Supposing the sun’s parallax, as was said, to be 12 seconds and a half, Venus’s parallax will be 43 seconds; and subtracting the sun’s parallax, there will remain half a minute at least for the horizontal parallax of Venus from the sun, and consequently, Venus’s motion will be accelerated ¾ of a minute at least by that parallax, while she passes over the sun’s disk, in such elevations of the pole as are near the Tropic; and still more so near the equator. For Venus will at that time accurately enough describe within the sun’s disk 4 minutes an hour; and consequently, at least 11 minutes of time (by which the duration of this eclipse of Venus will be contracted by reason of the parallax) answer to ¾ of a minute. And by this contraction alone we might safely determine the parallax, provided the sun’s diameter and Venus’s latitude were very accurately given; which yet we cannot possibly bring to a calculation, in a matter of such great subtlety.

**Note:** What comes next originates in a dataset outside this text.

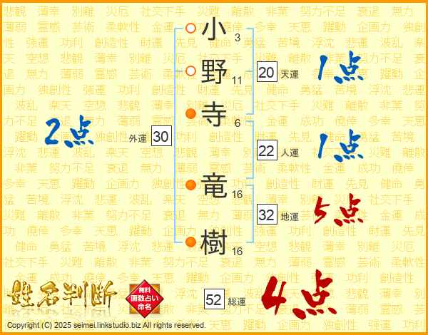 小(3画)野(11画)寺(6画) 竜(16画)樹(16画)
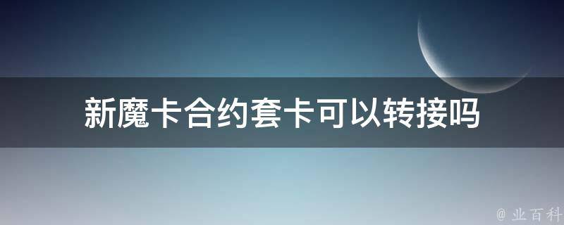 新魔卡合约套卡不可以转接。三大运营商要求携号转网的手机卡,不能是政企卡、校园卡、流量卡、靓号用户,以及一些与运营商签订了一定协议的合约卡。合约卡是一种定期使用并需按约定消费的手机卡,与普通手机卡不同,使用者需要按照约定的规定时间内持续使用。

We must therefore have another observation, if possible, in places where Venus possesses the middle of the sun at midnight, viz. under the opposite meridian, that is, 6h or 90° more westerly than London, and where Venus enters the sun’s disk a little before his setting, and goes off a little after his rising; which will happen in the said meridian in about 56° of N. lat. that is, at Nelson’s harbour in Hudson’s Bay. For, in the neighbouring places Venus’s parallax will protract the duration of the transit, and make it at least 6 minutes longer; because while the sun seems to tend under the pole from west to east, these places on the earth’s surface will seem to be carried with a contrary motion towards the west, that is, with a motion conspiring with the proper motion of Venus; consequently Venus will seem to move slower within the sun’s disk, and continue longer on it.
If therefore in both places this transit happen to be duly observed by proper persons, it is evident that the Mora will be longer by 17 entire minutes in Nelson’s harbour, than in the East-Indies; nor does it matter much whether the observation be made at Fort St. George, commonly called Maderas, or at Bencoolen on the western coast of the island of Sumatra near the equator. But if the French should incline to make the observation, Pondicherry on the western coast of the gulph of Ganga , at the elevation of 12°, will be a proper place for that purpose: and for the Dutch, their famous emporium Batavia is a fit place. And indeed I would have several observations made of the same phenomenon in different parts, both for further confirmation, and lest a single observer should happen to be disappointed by the intervention of clouds from seeing what I know not if those either of the present or following age shall ever see again; and upon which, the certain and adequate solution of the noblest, and otherwise most difficult problem depends.Therefore again and again, I recommend it to the curious strenuously to apply themselves to this observation.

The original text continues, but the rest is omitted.